Retyping should cover only the lines from the one containing "Just a quick" through the final line of the records, with pictures omitted.

[Records from a data source]
"""
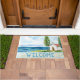 Blue Beach Coastal Ocean Welcome Doormat con un hermoso fondo de playa y una Iglesia Roja Superior. Ideal para una casa frente a la playa o una iglesia, como regalo para amigos y familiares viviendo frente al océano.
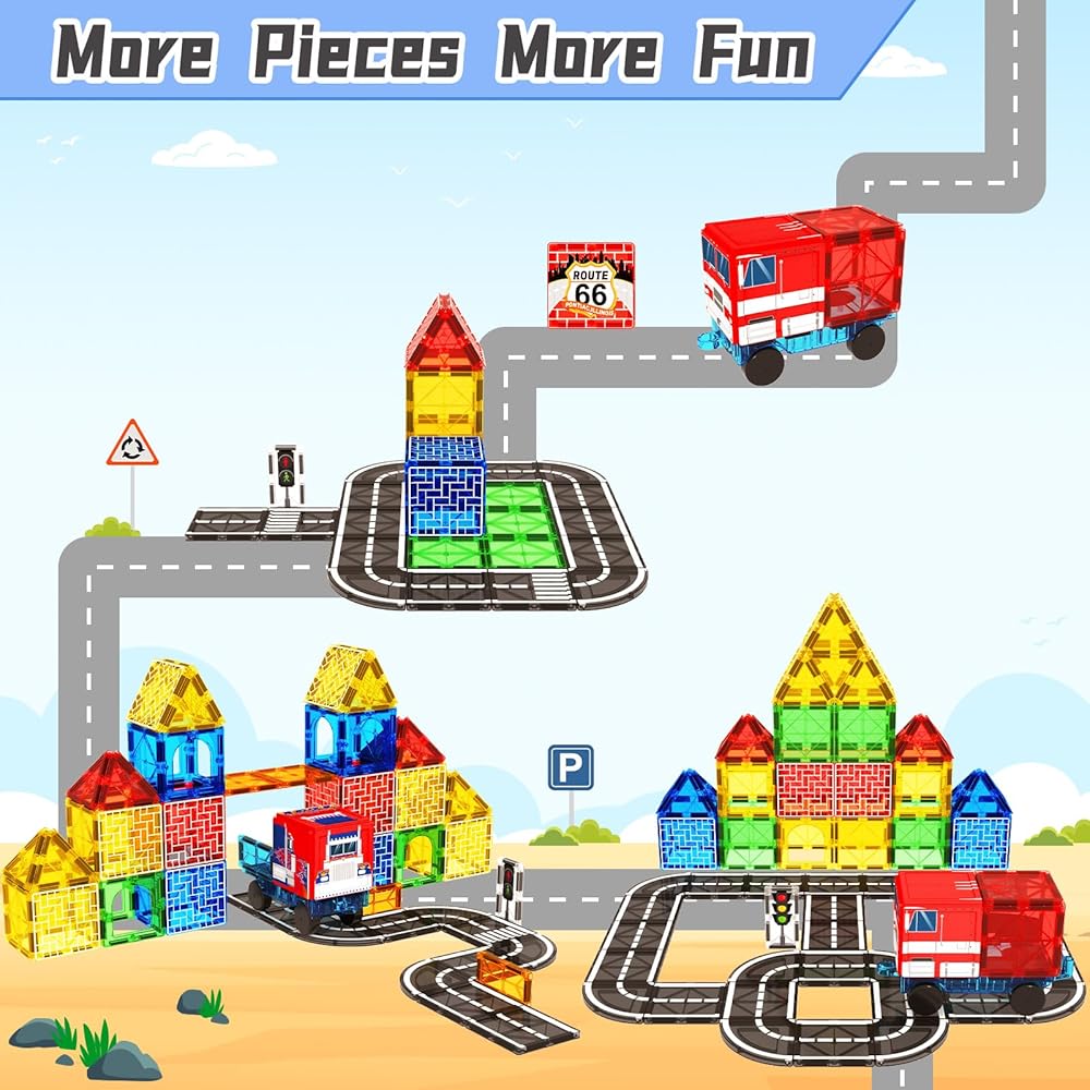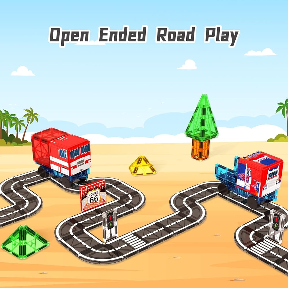 مجموعة طريق البلاط المغناطيسي مع شاحنة، مكعبات بناء مغناطيسية ألعاب للأطفال الصغار لعمر 3 سنوات فما فوق للأولاد والبنات، ألعاب بناء مونتيسوري للأطفال، ألعاب حسية جذعية، هدايا عيد ميلاد تعليمية لمرحلة ما قبل المدرسة
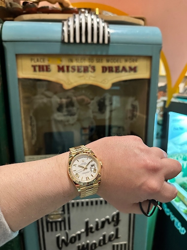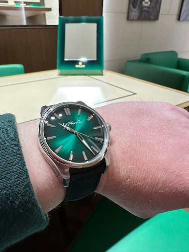 Just a quick pick I took a few months ago when I went to pick up my DD40 I had to snap this pic in the Rolex room while I was waiting for my DD to be sized. I just loved how the Moser played off with the Rolex green. I bought the bracelet for this several months ago but still have not put it on. Fro
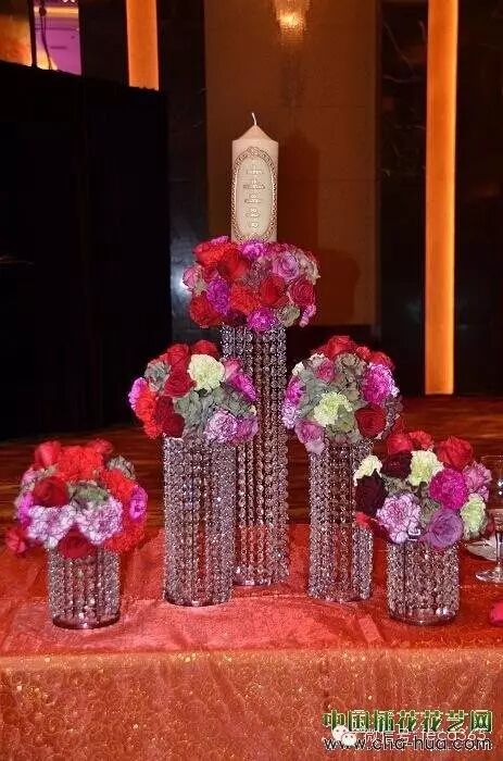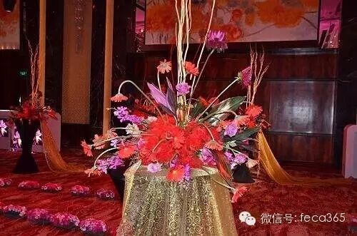 今天,小编给大家分享的是杉本薫子“爱与魅惑”并存的“香格里拉”婚礼,花材主要用了表现奔放热烈、激情妖艳的红色系列。但是,单纯的红色容易让整体设计显的平坦、幼稚。因此,在配色上以红色为中心使用了红紫、茶色等浓烈的花材来加深其层次感,并添加金银色和水晶等有光泽的装饰,营造一种豪华感。
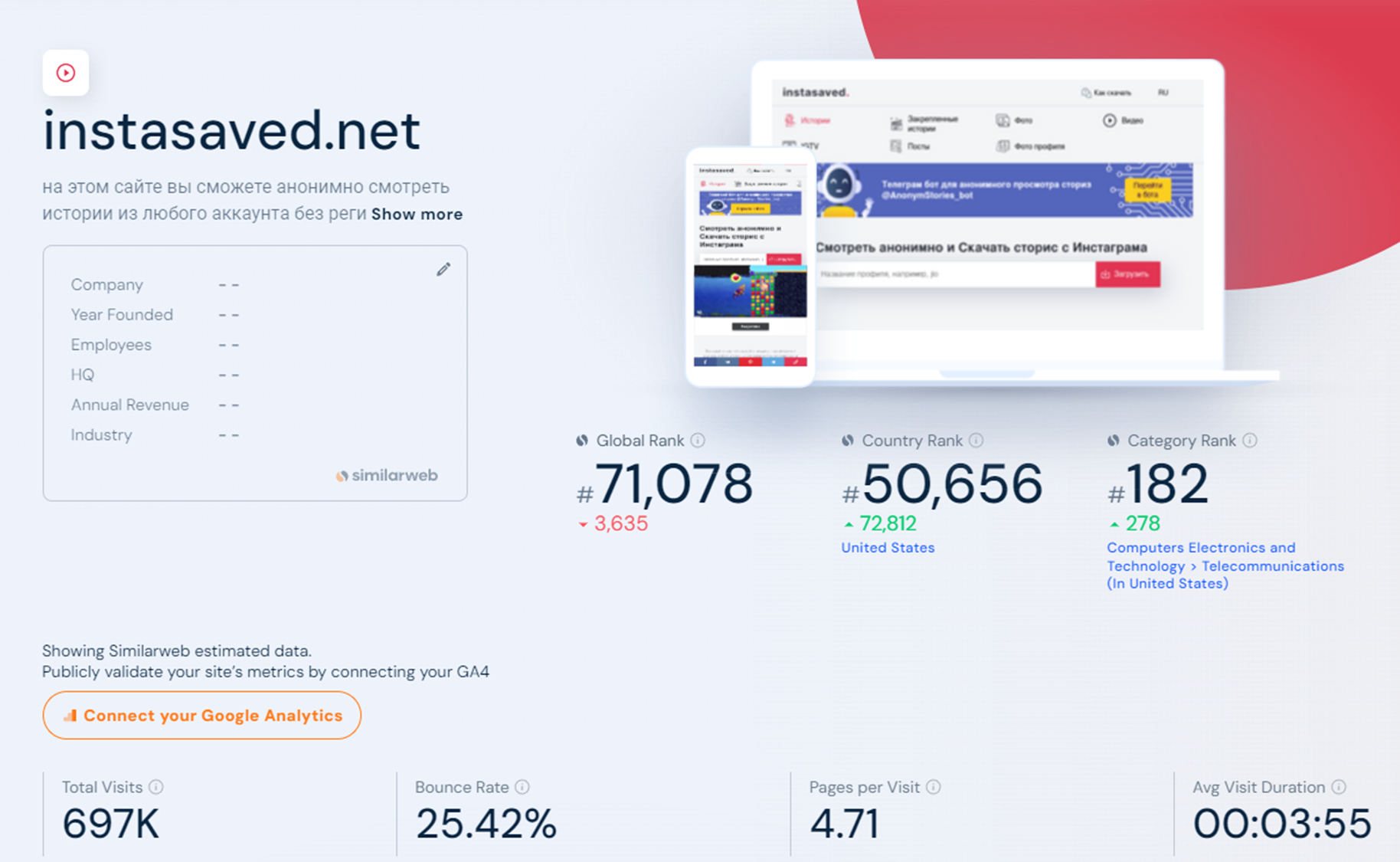 인스타그램 스토리 몰래보기 TOP10 사이트 트래픽 비교 (2024.4월 기준)
"""
Response to this task →
 Just a quick pick I took a few months ago when I went to pick up my DD40 I had to snap this pic in the Rolex room while I was waiting for my DD to be sized. I just loved how the Moser played off with the Rolex green. I bought the bracelet for this several months ago but still have not put it on. Fro
 今天,小编给大家分享的是杉本薫子“爱与魅惑”并存的“香格里拉”婚礼,花材主要用了表现奔放热烈、激情妖艳的红色系列。但是,单纯的红色容易让整体设计显的平坦、幼稚。因此,在配色上以红色为中心使用了红紫、茶色等浓烈的花材来加深其层次感,并添加金银色和水晶等有光泽的装饰,营造一种豪华感。
 인스타그램 스토리 몰래보기 TOP10 사이트 트래픽 비교 (2024.4월 기준)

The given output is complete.